Nothing but the lines from the one that holds "皆さんは、給食の前によく手を" through the end of the material should be repeated, each exactly as it stands, and pictures stay out.

-- Data provided follows --

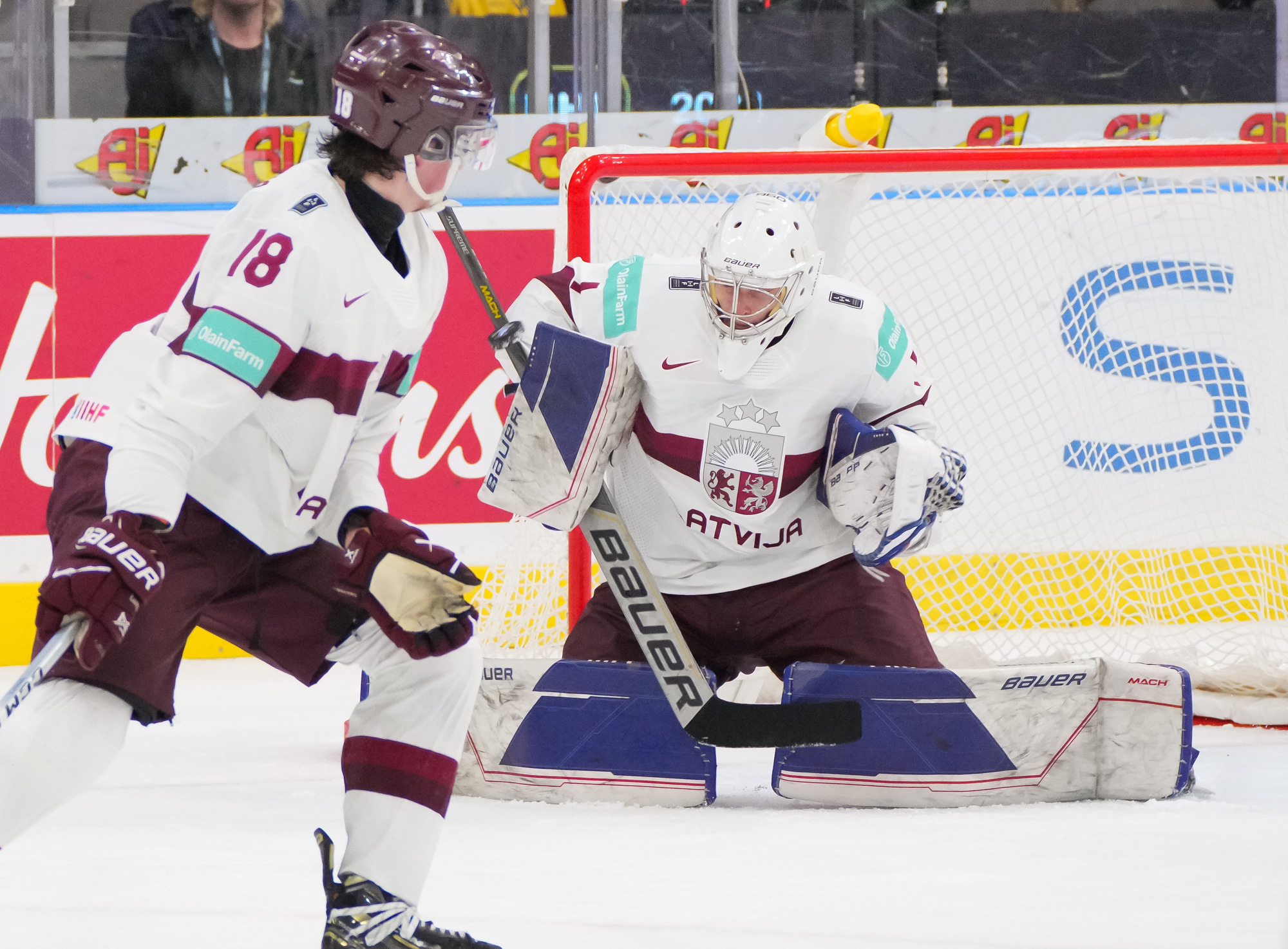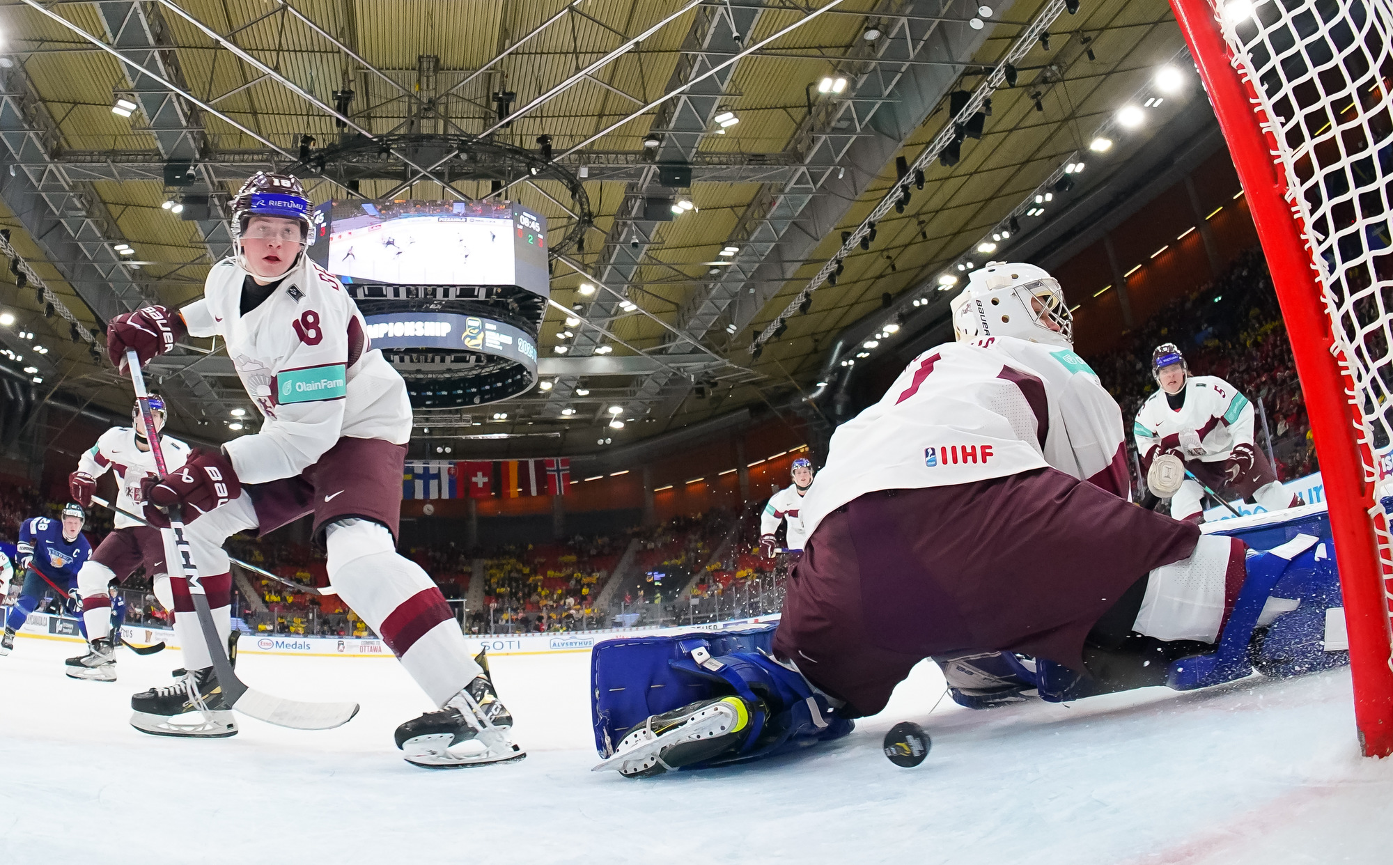 The second was peppered with minor penalties, seven in all, but although Latvia played better defence it still couldn’t generate much in the way of offence. Rolovs was again terrific, making a superb right-pad save off Lassila, but the Finns upped the count to 3-0 at 8:59 on a power play. Halttunen snapped a low shot that beat Deivs five-hole. A little while later Latvia had its best chance when Dans Locmelis hit the post during a five-on-four advantage.
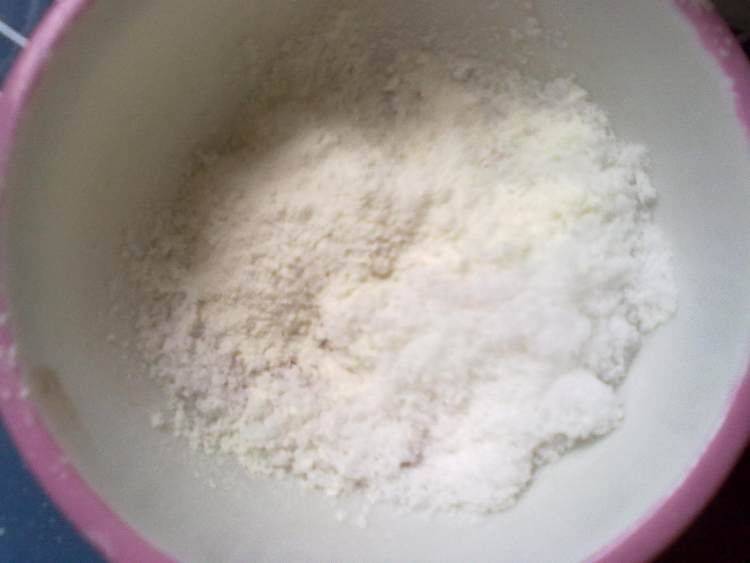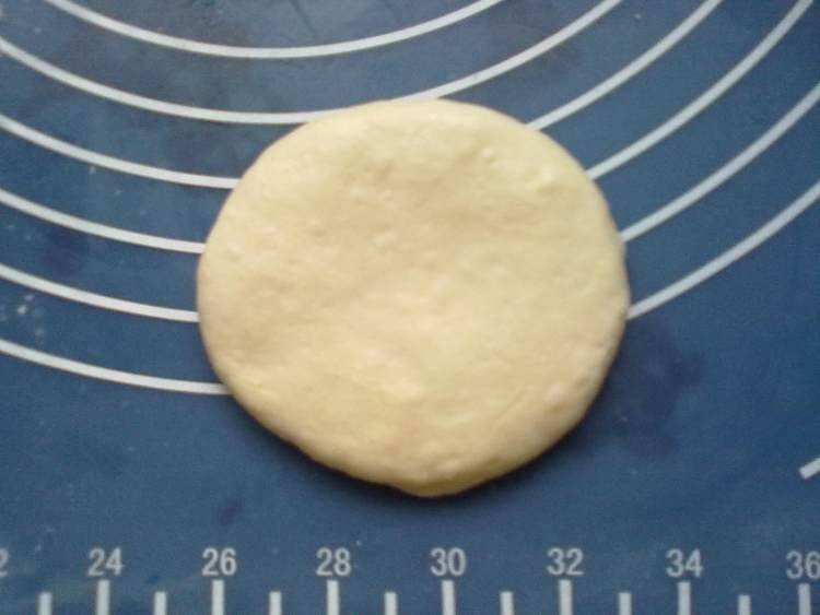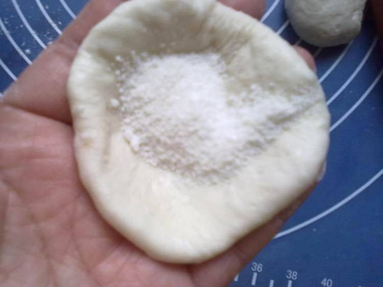 5、把一个剂子在手上按扁,放入一勺调好的白糖粉。
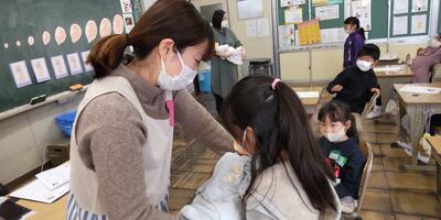 皆さんは、給食の前によく手を洗っていますか。冷たいからといって手を少し水でぬらす程度では汚れを洗い流すことはできません。石けんをよく泡立てて、手のひらや甲、爪の中まで丁寧に洗い、十分に水で泡を洗い流したあと、清潔なハンカチで拭きましょう。
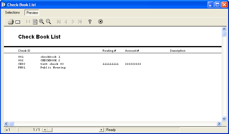 When the preview button is depressed, the listing of checkbooks may be viewed on screen.

-- Data provided concluded --

The answer:
 皆さんは、給食の前によく手を洗っていますか。冷たいからといって手を少し水でぬらす程度では汚れを洗い流すことはできません。石けんをよく泡立てて、手のひらや甲、爪の中まで丁寧に洗い、十分に水で泡を洗い流したあと、清潔なハンカチで拭きましょう。
 When the preview button is depressed, the listing of checkbooks may be viewed on screen.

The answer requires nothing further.